Verifying Compression Did Not Hurt
Because lossy compression can silently drop something important, a mature pipeline checks rather than assumes. The simplest verification is to evaluate answer quality with and without a compression change on a fixed set of representative requests, including ones that depend on details from older context, so a regression from over-aggressive summarization shows up as a measurable drop rather than as a surprise in production. If quality holds while tokens fall, the compression is safe, and if it drops, you know to preserve more before compressing. This ties compression to the measurement discipline covered in the LLM evaluation pillar, and it is what separates compression you can trust from compression you hope is working.
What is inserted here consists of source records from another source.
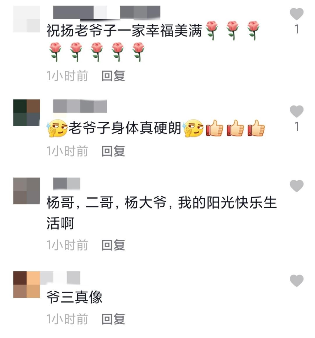 网友看了杨少华和两个儿子的相处日常,有人一眼就认出了他们,还想起曾经的电视剧《杨光的快乐生活》。也有网友称赞杨少华老爷子身体真硬朗,祝福他生活幸福美满。还有网友被父子三人的长相所惊呆,直呼爷仨好像。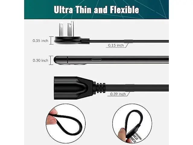¡¾Flat Plug Design & Space Saving¡¿With only a 0.35 -inch ultra flat plug design, Elecan upgraded flat wall plug is thinner than the regular flat plugs, which makes the best use of your outlets! The 45¡ã angled plug prevents other outlets from being blocked. It can easily fit in tight spots and hide behind like furniture, bookshelves, desks, or anything close to the wall, sitting flush against the wall completely. ¡¾Flat Extension Cord¡¿ Elecan FLAT EXTENSION CORD is thin enough to run under rugs. It's much better than the standard round extension cord and doesn't hurt when you step on that spot on the rug.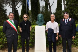 Grazie alla collaborazione instaurata fra Anc, Comune e Accademia, di cui era presente il direttore del settore scultura prof. Pino Mascia, ogni proposta scaturisce da un percorso condiviso, che stimola non solo la creatività artistica dei giovani allievi ma anche la conoscenza delle nostre origini e dei padri fondatori della patria. Come da indicazioni della Sovrintendenza, il busto è in bronzo fuso collocato su pietra bianca ove sono inserite le tre sezioni indicanti il personaggio, l’autore e il donatore. In tale circostanza, l’opera è stata infatti co-finanziata da uno sponsor del territorio, la B.G. Infissi di Giancarlo Borsella, testimoniandone la sensibilità e “l’importanza di coinvolgere il tessuto imprenditoriale in operazioni culturali che rimangono e valorizzano in maniera coerente con la sua identità storico un luogo così prezioso “, come sottolineato dal sindaco Ascani.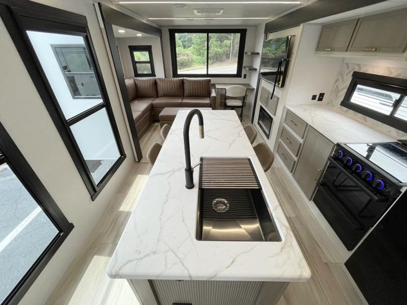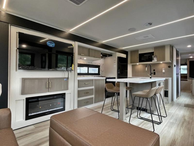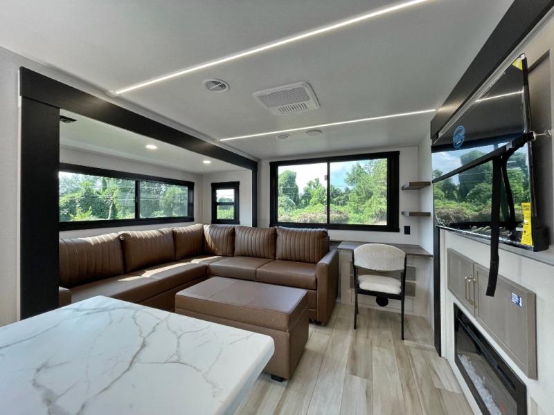 Salem Hemisphere 323RLI WITH REAR LOUNGE, RV KING BED SLIDE, DESIGNATED DESK, & ISLAND W/ SEATING PLUS MORE....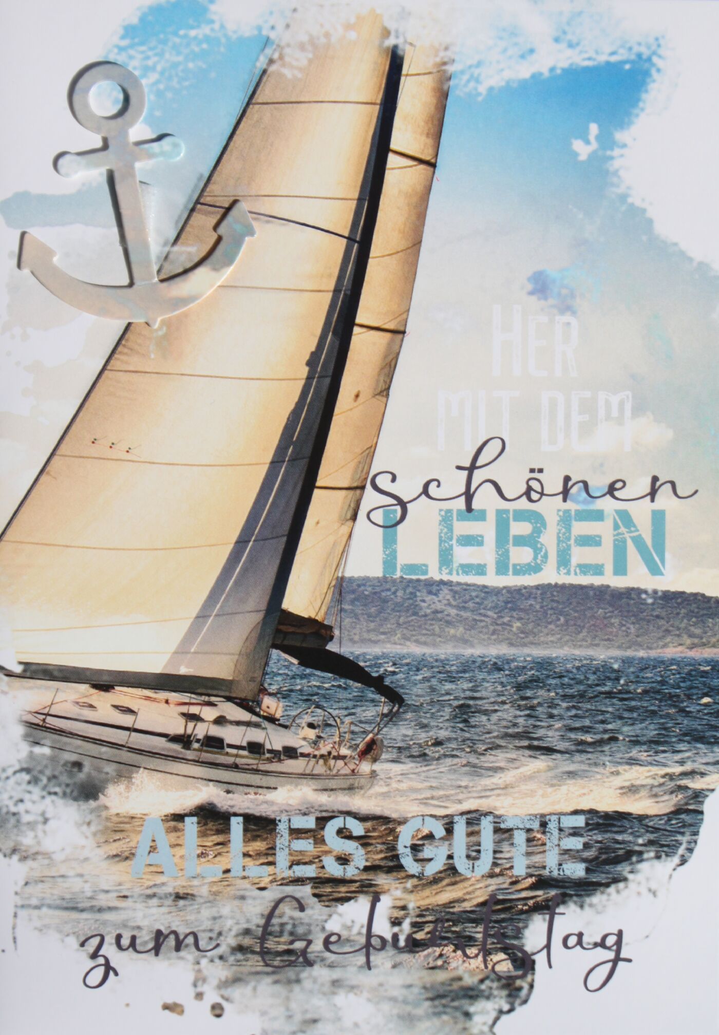 Sehr hochwertige Geburtstagskarte mit einem aufgekleblen Anker.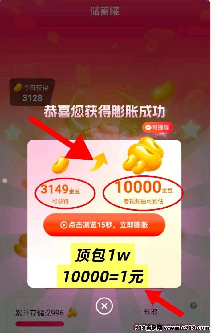 ①首页存豆看广告1000-10000金豆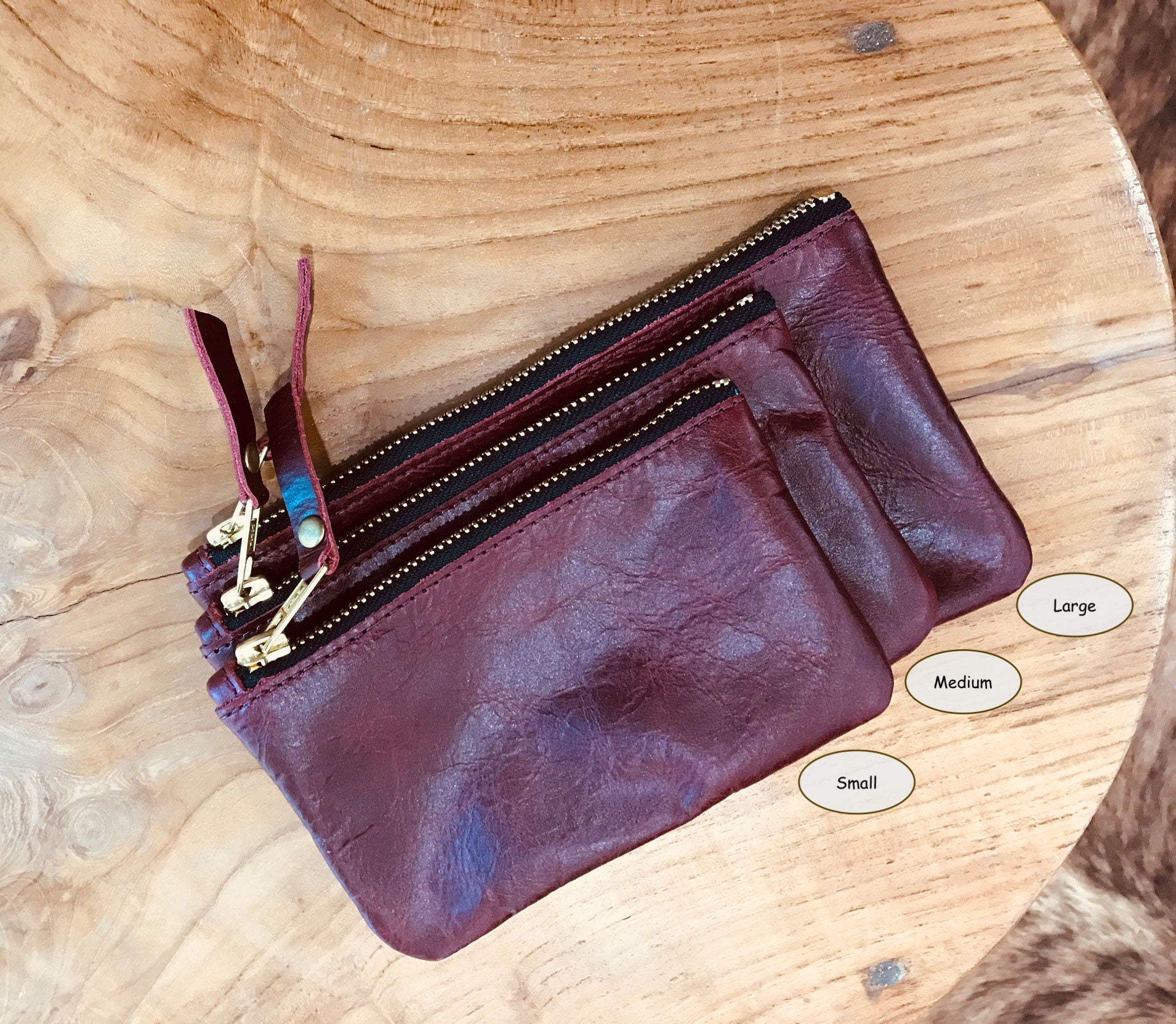 Note: Each purse will be cut from a different part of the leather showing different colours (both sides will be different colours as shown)
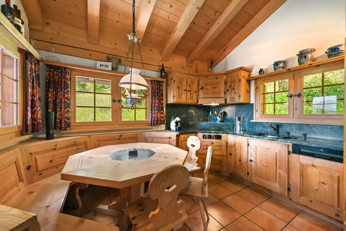 This holiday home on a sunny incline in Valbella has immediate appeal with its unobstructable views of the lake, mountains, and valley. The combination of alpine style, tranquil surroundings, and direct access to the pistes creates an exceptional living experience. On the upper floor, a stylish wood-fronted kitchen with natural stone worktops, cosy corner bench, and a living area with a soapstone stove come together to form a harmonious whole. Two bedrooms and a separate guest WC complete this level. The top floor features another bedroom with its own bathroom and generous storage capacity, while the ground floor includes an additional bedroom with a separate bathroom and connections for kitchen fittings, offering potential to convert this into a self-contained apartment. The directly accessible double garage provides practical convenience for day-to-day living. The prime position on the slope, high-quality construction, and proximity to alpine landscape make this property a decidedly attractive retreat. The property: - 5.5-room holiday home in Valbella - Approx. 138m² living space - Approx. 34m² additional utility space - Terrace and over 800m² of surrounding land - Unobstructed, sightline-protected mountain, lake, and panoramic views - Ski-in / ski-out location - Quiet and sunny position on a hillside - 2 garage spaces, plus 2 outdoor parking spaces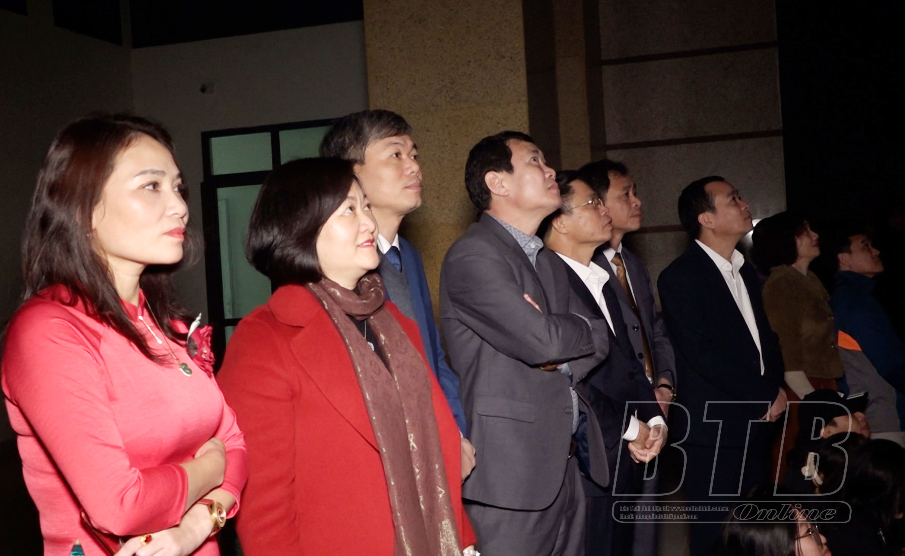 Lãnh đạo huyện Thái Thụy và người dân xem màn bắn pháo hoa.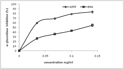 The inhibitory effect of AHTF and BHA on α-amylase and α-glucosidase enzymes is shown in Figures 3 & 4. The result revealed that both extracts inhibited both α-amylase and α-glucosidase enzyme activities in a dose dependent manner (0-0.14mg/ml); however as revealed by the IC50 values in Table 2, AHTF extract had the higher inhibitory effect for α-amylase-0.071mg/ml, in comparison to BHA with the least inhibitory effect for α-amylase-0.083mg/ml. But BHA had the higher inhibitory effect for α-glucosidase-0.067mg/ml, with AHTF extract with the least inhibitory effect for α-glucosidase-0.12mg/ml.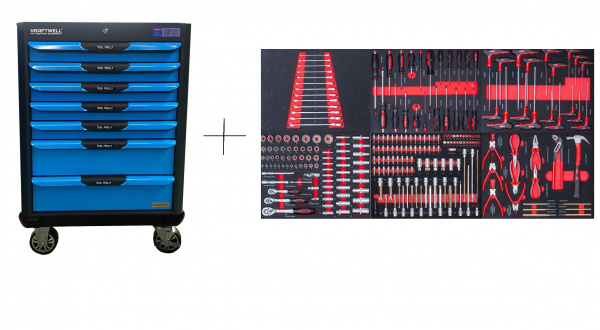 KraftWell KRW-TTB+SET277 Тележка с 7 ящиками+ПОДАРОК инструмент 277 предметов

A practical refinement is to keep the original alongside the compressed version when storage allows, so a later step that finds the summary insufficient can fall back to the full content rather than failing. This hybrid pattern, a compact summary in the active window with the full text retained in cheap external storage, gives you the token savings of compression without permanently committing to the lossy version. An agent that summarized a document into the window can re-fetch the original if a later question needs a detail the summary dropped. This is compression and the write strategy working together: you write the full content out, keep only the compressed form in context, and selectively pull the original back when the summary proves too thin. Designed this way, compression stops being a one-way loss of information and becomes a reversible trade between window space and retrieval cost, which is the safest form it can take in a long-running system. The cost is the extra storage and the occasional re-fetch, both cheap relative to the alternative of either bloating the window with full content or losing a needed detail to an irreversible summary, which is why retaining the original is the default worth adopting wherever your storage budget allows it.